Die Gärtnerei Berchtenbreiter musste wegen der Corona-Krise ihr Geschäft schließen. Ihre Ranunkeln und Primeln liefert sie den Münchnern nun bis zur Haustür

Von Kathrin Aldenhoff

Für die Gärtnereien und die Blumenläden hätte es keinen schlechteren Zeitpunkt für Ausgangsbeschränkungen und erzwungene Geschäftsschließungen geben können. Ausgerechnet im Frühjahr infiziert das Coronavirus so viele Menschen, dass die Regierung zu diesen strengen Maßnahmen greift. "März, April, Mai - für uns Gärtner ist das die Hauptverkaufszeit", sagt Alexandra Berchtenbreiter. "Da haben die Menschen Lust, was im Garten und auf dem Balkon zu machen. Das tut weh, dass dieses Geschäft wegbricht."

Die 31-Jährige und ihre Familie - die Eltern führen die Gärtnerei - haben sich nun etwas ausgedacht, wie sie es schaffen könnten, dass zumindest nicht das ganze Geschäft wegbricht. Dass sie nicht alle Pflanzen und Frühlingsblumen umsonst gesät, gegossen und gepflegt haben. Schon seit dem Winter arbeitet der Bruder von Alexandra Berchtenbreiter an einem Onlineshop für die Gärtnerei in Giesing. In Coronazeiten hat er ihn nun schneller fertig gestellt als geplant. Für Feinheiten ist gerade nicht die Zeit, die sind später dran. Alexandra Berchtenbreiters Schwester fiel der Name Blumentaxi ein - und so bewerben sie seit ein paar Tagen zum Beispiel auf Facebook ihr Angebot, den Kunden Frühlingsblumen für das Beet, Erde, Blumensträuße und Orchideen im Topf nach Hause zu liefern.

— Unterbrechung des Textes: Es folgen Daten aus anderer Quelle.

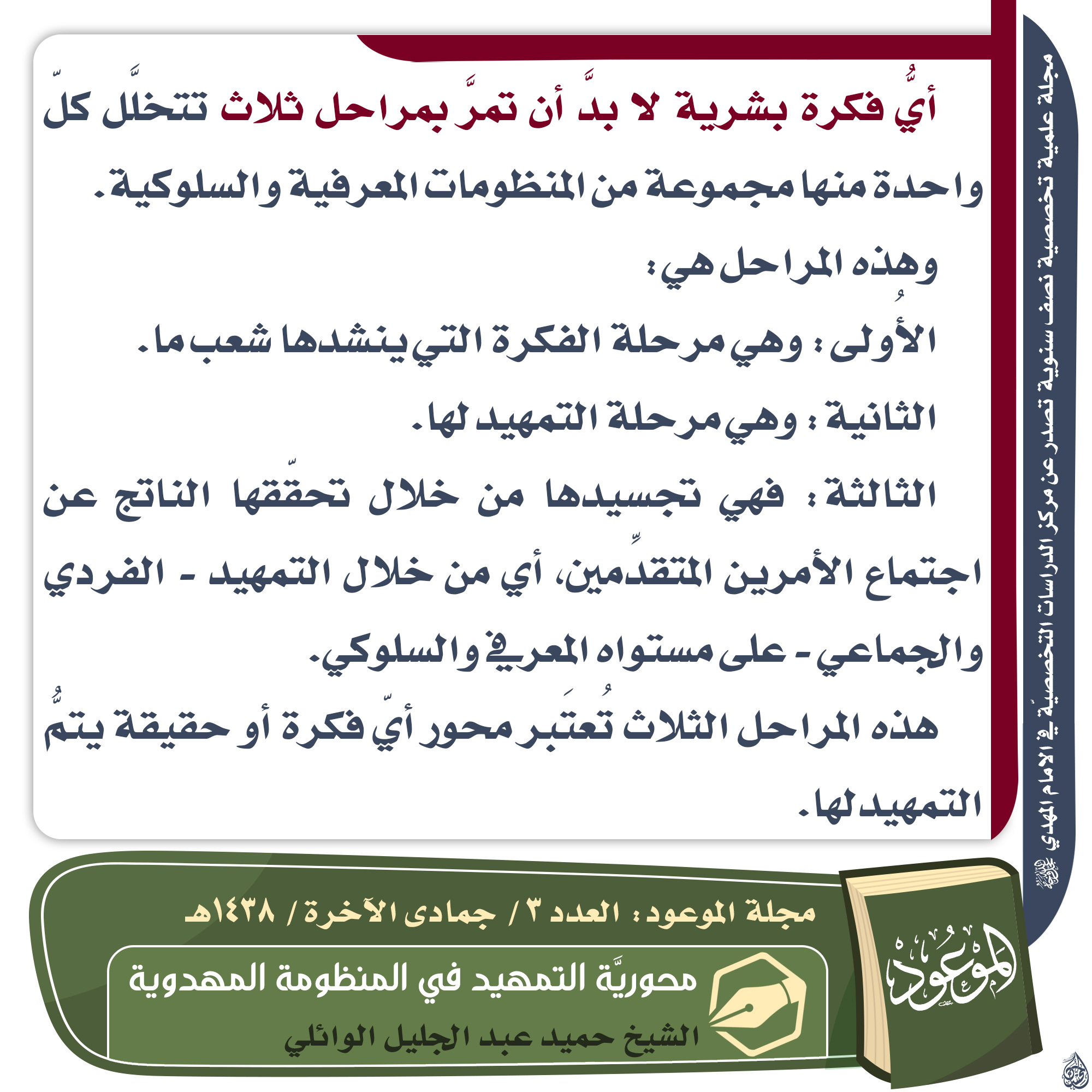 ? أيُّ فكرة بشرية لا بدَّ أن تمرَّ بمراحل ثلاث تتخلَّل كلّ واحدة منها مجموعة من المنظومات المعرفية والسلوكية. وهذه المراحل هي: الأُولى: وهي مرحلة الفكرة التي ينشدها شعب ما. الثانية: وهي مرحلة التمهيد لها. الثالثة: فهي تجسيدها من خلال تحقّقها الناتج عن اجتماع الأمرين المتقدِّمين،…

Kontaktlos, selbstverständlich.

"Es gibt uns jeden Tag Aufschwung, wenn wir sehen, dass Bestellungen reinkommen", sagt Alexandra Berchtenbreiter. "Das zeigt uns, dass sich die Menschen trotz allem mit Blumen beschäftigen und an uns denken." Ihre erste Lieferung führte sie bis nach Unterschleißheim, nördlich von München, 30 Kilometer von der Gärtnerei entfernt und eigentlich nicht ihr angestammtes Gebiet. "Die Kundin freute sich so sehr über die Blumen, dass sie uns über Facebook ein ganz liebes Feedback gegeben hat", erzählt die Floristin und Gärtnerin. "Das ist Balsam für die Seele."

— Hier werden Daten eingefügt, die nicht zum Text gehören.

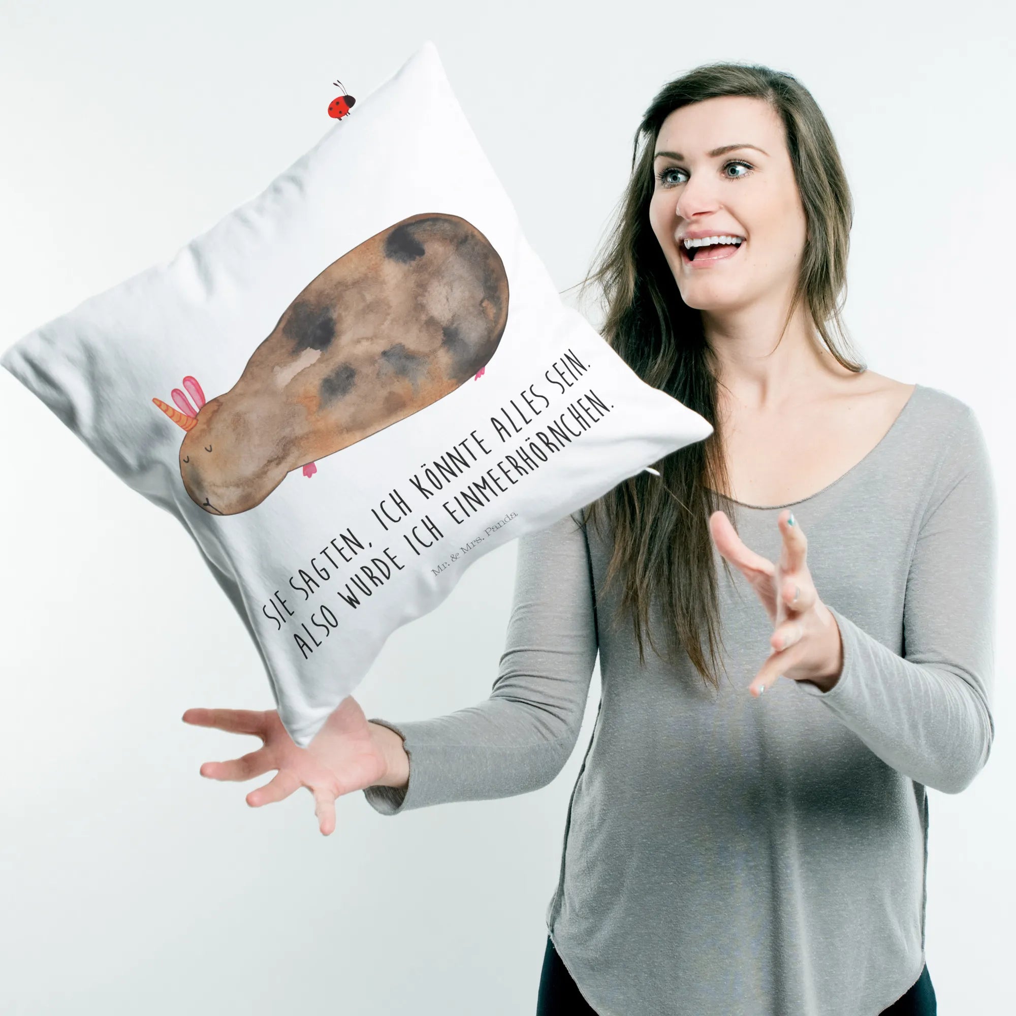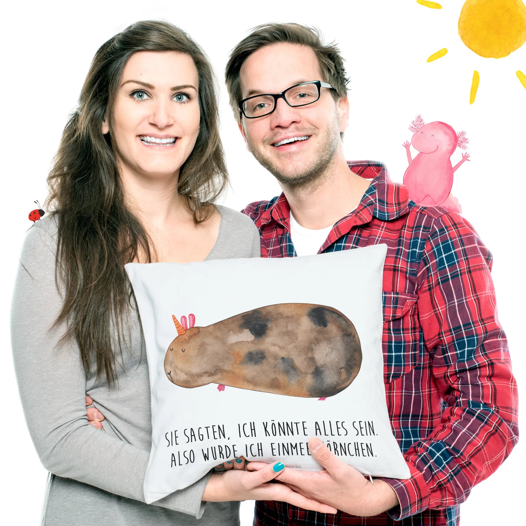 Das besondere Design zeigt ein süßes Meerhörnchen, das ein Lächeln auf dein Gesicht zaubern wird. Dieses handgezeichnete Motiv bringt die magische Welt der Einhörner direkt zu dir nach Hause und ist perfekt für alle, die bunte Akzente setzen möchten. Das Meerhörnchen, das auf dem Kissen zu sehen ist, trägt das Zitat: "Sie sagten, ich könnte alles sein. Also wurde ich ein Meerhörnchen." Ein echter Hingucker und Gesprächsstoff für deine Gäste!

Im Moment kommen in der Gärtnerei jeden Tag ein bis zwei Bestellungen mehr an als noch am Vortag. Derzeit ist das Blumentaxi - der bunte Lieferbus der Gärtnerei - vormittags und nachmittags zwei, drei Mal unterwegs, erzählt sie. "Wir freuen uns über jede Bestellung, und unsere Mitarbeiter auch. Das macht mehr Freude als den Laden zu putzen." Die Mitarbeiter im Blumenladen arbeiten im Moment in Mini-Besetzung, sagt Alexandra Berchtenbreiter. Sie bauen Überstunden ab. Die Mitarbeiter in der Gärtnerei aber arbeiten auch jetzt weiter. Sie müssen sich ja um die Pflanzen kümmern, die sie für den Sommer angebaut haben.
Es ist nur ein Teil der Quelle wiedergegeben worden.